Foto do casamento de Cliff Slaughter e Barbara Bennett (outubro de 1950)

Depois de se formar em Cambridge, Cliff Slaughter e Barbara se mudaram para Leeds. Slaughter conseguiu um cargo na Universidade de Leeds para fazer pesquisas, em colaboração com seus colegas Norman Dennis e Fernando Henriques, em uma única comunidade de mineração de Yorkshire. Como parte de sua pesquisa, Slaughter e Dennis trabalharam em uma mina de carvão local por vários meses.

Com base em sua pesquisa, Slaughter, Dennis e Henriques escreveram um livro, Coal Is Our Life (Carvão é nossa vida), que continua sendo um texto de referência em sociologia utilizado nas universidades britânicas.

Bárbara Slaughter lembra que o jovem Slaughter se focou intensamente em questões políticas e culturais. Além de sua pesquisa acadêmica e estudos políticos, Slaughter tinha um amplo conhecimento da literatura inglesa e francesa. Ele apresentou a Barbara os romances de Stendhal, Flaubert e Zola. Comprometido com a luta pelo socialismo, Slaughter, nessa fase de sua vida, não demonstrou interesse pelas formas convencionais de sucesso pessoal.

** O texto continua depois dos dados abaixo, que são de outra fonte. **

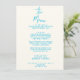 A colourful retro funky modern blue French style wedding dinner menu. Which features chic template design of creamy milky background and blue handwritten typography. A Perfect and matching with the whole suite.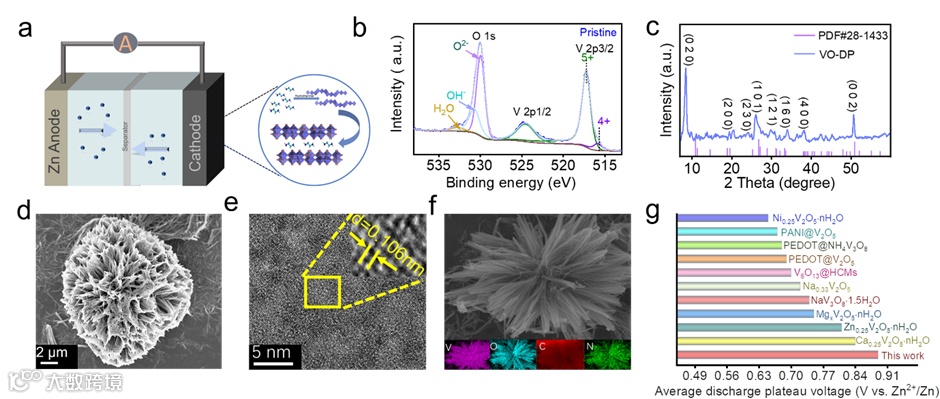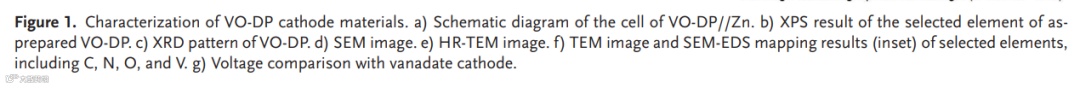 图1介绍了合成的VO-DP的物质组成和其形貌。并对比了VO-DP与其他钒氧化物的平均工作电压。

Cliff e Barbara Slaughter com sua filha

Embora ativo no Partido Comunista, Slaughter considerou a orientação reformista elaborada no programa de 1951, “The British Road to Socialism” (“O caminho britânico para o socialismo”), difícil de conciliar com a teoria marxista do Estado. Ele também ficou espantado com o fato de os membros do Partido Comunista aceitarem os pronunciamentos de Stalin como irrefutáveis, sem fazer qualquer pergunta. Tudo o que o ditador soviético dizia ou escrevia, mesmo em assuntos sobre os quais obviamente não tinha conhecimento e competência, era aceito como evangelho.

Barbara Slaughter descreveu as circunstâncias que a levaram a ingressar no Partido Comunista e a suas experiências no movimento stalinista:

Entrei na política há 63 anos quando ingressei no Partido Comunista em 1945, aos 18 anos, no momento em que a Segunda Guerra Mundial estava chegando ao fim. Tendo testemunhado quando criança os sofrimentos da classe trabalhadora, incluindo da minha própria família, durante os anos 1930 e os terríveis acontecimentos da Guerra Civil Espanhola e depois da Segunda Guerra Mundial, eu, como milhões de outras pessoas, estava convencida de que não haveria um retorno à era pré-guerra. O Partido Comunista ganhou um enorme prestígio por causa do heroísmo da classe trabalhadora russa em sua defesa das conquistas da Revolução Russa na guerra, e eu, como milhares de outros, me juntei ao PC com a impressão equivocada de que era um partido revolucionário.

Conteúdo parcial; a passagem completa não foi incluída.